Last week Lee introduced the COR theme of the month: Joy and Celebration. He gave you two very simple yet powerful practices to engage in.

Why this focus on joy and celebration, when there is so much to “work though” with our wounds and defenses? To put it simply: Because positive emotions open us up and they significantly help us grow.

Lee and I are in the midst of an eight-week course sponsored by Stanford University in preparation for a yearlong training to becomeCompassion Cultivation Training” teachers. This project was started by the Dalai Lama in collaboration with Stanford Scientists. It aims to teach people from any or no spiritual affiliation to cultivate compassion and unify humanity, and it is meant as a tool for research and education.

In this 8-week course, we were told that latest neuroscience and brain research indicates that positive emotions contribute to important life outcomes, including friendship development, higher incomes and better physical health. People who experience frequent positive emotions have even been shown to live longer.

Impressive, right?

How does joy and celebration do this? Why do people’s fleeting and subtle pleasant states pave the way to their later success, health, and longevity? Because positive emotions arise in response to diffuse opportunities, rather than narrowly-focused threats (which are usually only perceived threats, but our nervous system reacts to with fight, flight and freeze trauma responses anyways).

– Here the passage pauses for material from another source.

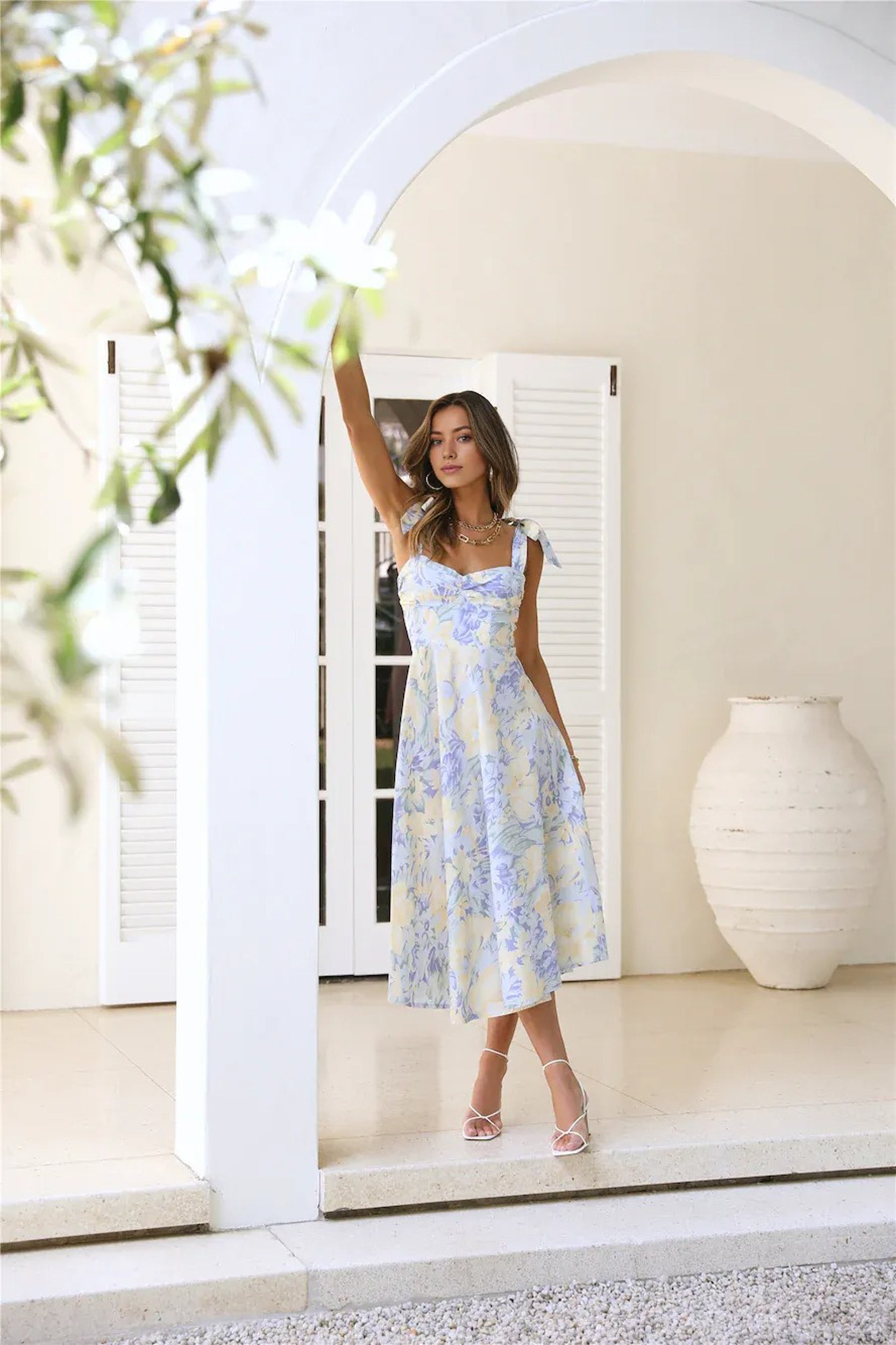 Girl, it's your chance to look cute and feel it too. The Tropical Mood Midi Dress features tie-up straps and a flowy skirt. Style with heels and amaze.

Positive emotions momentarily broaden people’s attention and thinking, enabling them to draw on higher-level connections and a wider-than-usual range of percepts or ideas. In turn, these broadened outlooks often help people to discover and build consequential personal resources. These resources can be cognitive, like the ability to mindfully attend to the present moment; psychological, like the ability to maintain a sense of mastery over environmental challenges; social, like the ability to give and receive emotional support; or physical, like the ability to ward off the common cold.

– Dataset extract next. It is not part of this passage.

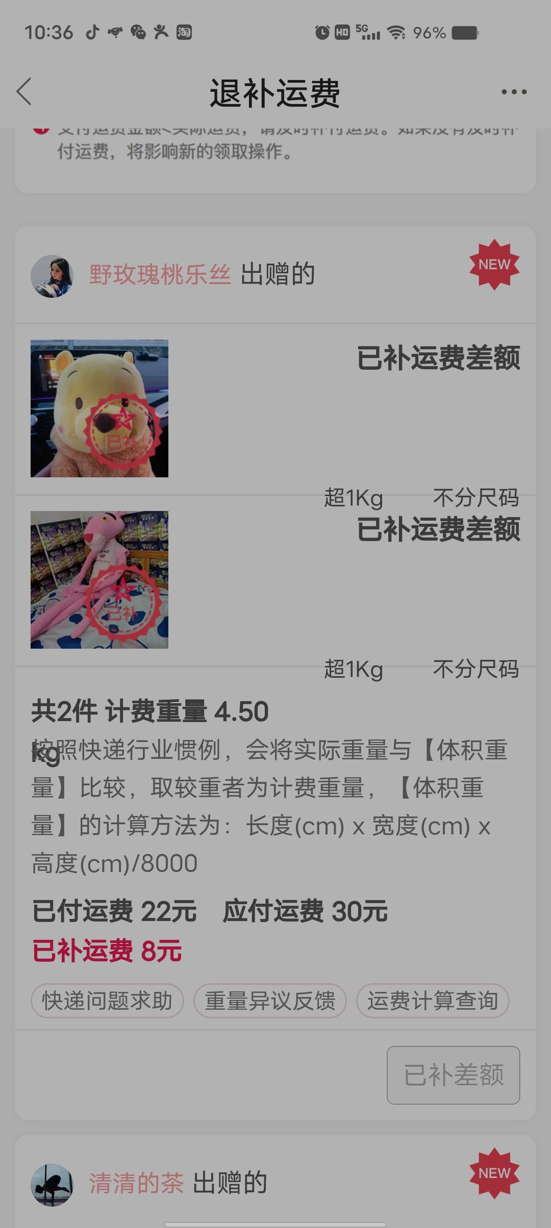 [已处理(发帖勿选)] 运费+补体积 |

People with these resources are more likely to effectively meet life’s challenges and take advantage of its opportunities, becoming successful, healthy, and happy in the months and years to come.

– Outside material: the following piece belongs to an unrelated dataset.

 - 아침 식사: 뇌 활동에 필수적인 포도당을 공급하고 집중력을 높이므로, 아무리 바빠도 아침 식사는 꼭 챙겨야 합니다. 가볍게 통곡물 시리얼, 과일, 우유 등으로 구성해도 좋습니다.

The second part of the theory is that positive emotions set people on trajectories of growth that, over time, build consequential personal resources. Studies have shown that people who, for whatever reasons, experience or express positive emotions more than others show increases over time in optimism and tranquility, self confidence, mental health, and the quality of their close relationships.

If you want to know more about the science behind this, here are two resources:
1. A video lecture by Barbara L. Fredrickson, Ph.D.
2. An article on how positive emotions build consequential personal resources from the National Institute of Health

So, now that we have so much scientific backing, let’s make sure we focus on positive emotions like joy and celebration! I personally really needed to hear this, given the kind of deep work I do as my daily job, ministering to the darker aspects of humanity. On top of that, we Germans are conditioned to always be honest, to not live in “LaLa-land,” and never to deny what negativity might have been swept under the rug. So I was habitually looking at the glass half empty, so to speak.

Bringing in more gratitude, acknowledging the positive, and letting my heart be uplifted by all the beauty, goodness and truth that is in my life, has been an amazing practice for me. I am in turn much more resilient, compassionate, detached, and peaceful about approaching the shadow aspects of myself and others.